Beyond Charli’s ability to faithfully translate the permeating zeitgeist, what is most striking about the record is the internal logic, consistency and density of her song-writing. Despite its Facebook feed-like name, this album is not a fragmentary timeline of ideas and thoughts but an uncompromising and obsessively fine-tuned project. Like the crisis itself, there’s a disbelief that so much could be done in such an unfathomably short space of time.

There is a beguiling laser focus that rips through the entire album; from the impressionistic lyrical delivery that oscillates with a blue-printed rhythmic uncertainty, to the saturation and utilisation of genre-blind experimental beats which start frantic and downcast but end jubilant and assured and the granularity of production which purifies itself throughout the record from the oddly choppy and washed-out filter in the opening tracks to the crystal clarity of Euro-trance drenched closer “visions”.

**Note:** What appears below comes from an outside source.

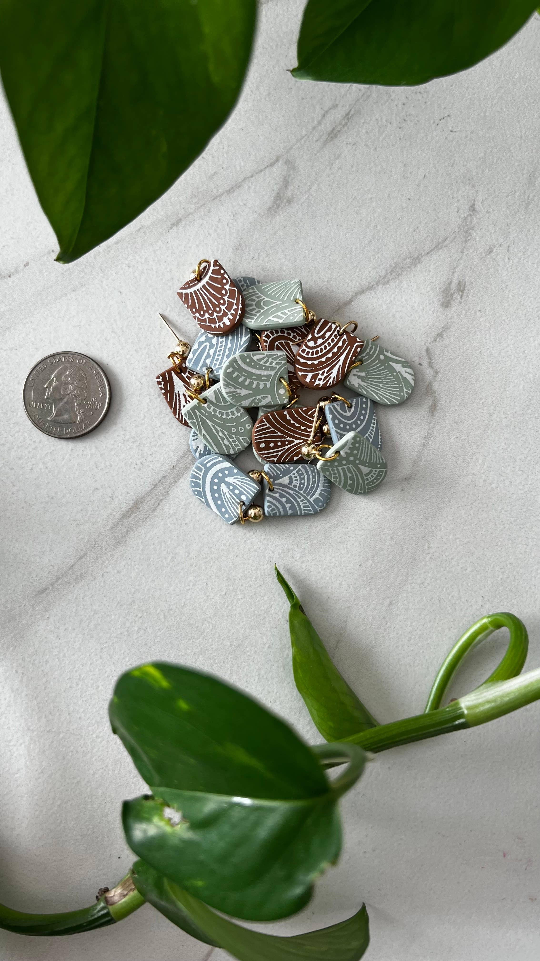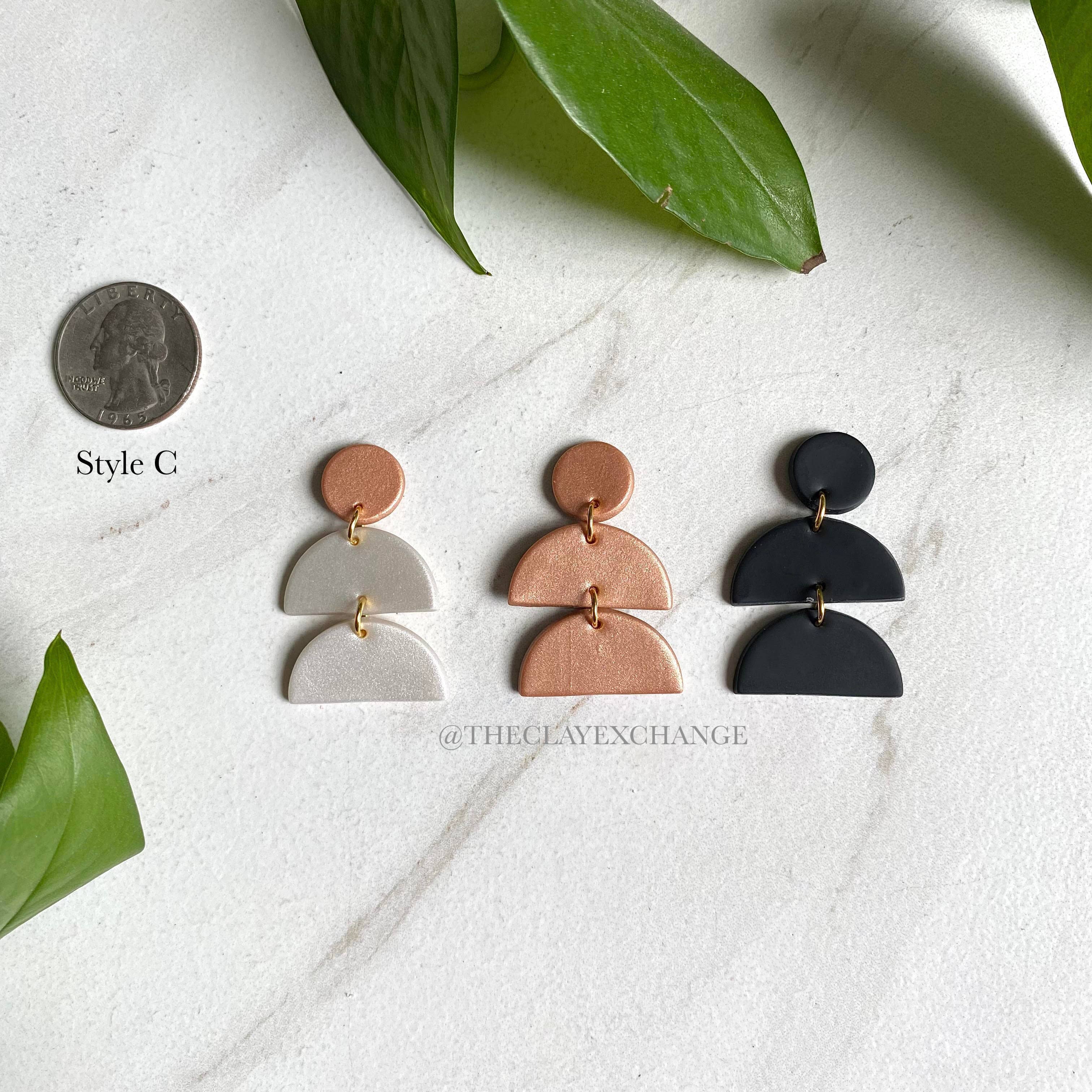 My name is Hayley and I am the maker behind The Clay Exchange! I am a wife, mom, and North Carolina transplant living on the Jersey Shore. The Clay Exchange all sprouted from my desire to make unique, handmade gifts for my sister and friend for their birthdays. I began making clay earrings, having no idea how much I would enjoy it. In the 18 months since making my first pair, I have enjoyed the challenge of perfecting my craft, learning new techniques, and fulfilling orders that ship out all across the United States! I love the challenge of creating my own color palettes from things I see around me and mixing clay to match the color palettes naturally present in everyday life. Thank you so much for being here, for looking at the pieces I create, and for your support!

The microcosm of individual tracks is as impressive as the macrocosm of the album with sublime individual moments of pop genius laced throughout Charli’s almost Shakespearean tale of fated love with her long-term boyfriend who she is unexpectedly but pleasantly experiencing lockdown with. 

There is the extended outro to ‘forever’ that feels like a beautiful accident which only survives due to a lack of editing time, there’s the expert tonal shift nearly the end of ‘detonate’ that is instinctual and rewarding on multiple listens, the oneiric daze of ‘enemy’, the self-referential but crooked reflection of previous album’s rabble-rouser ‘Click’ in ‘c2.0’ that is sketchy and indulgent but soaked with melancholy, there’s the quick-fire rap of desperation during ‘party 4 u’ (the only track to predate these sessions) that is infectiously uproarious and finally the atavistic hook and punch of future phantom floor-filler ‘anthems’ that is resolutely cathartic. 

Long dismissed as a weird starlet in pop’s ordered constellation, Charli XCX suddenly has the entire world on her wavelength and admirably in this unprecedented chaos she has emerged with her most consistent, rewarding and relatable album. This is undoubtedly next level Charli.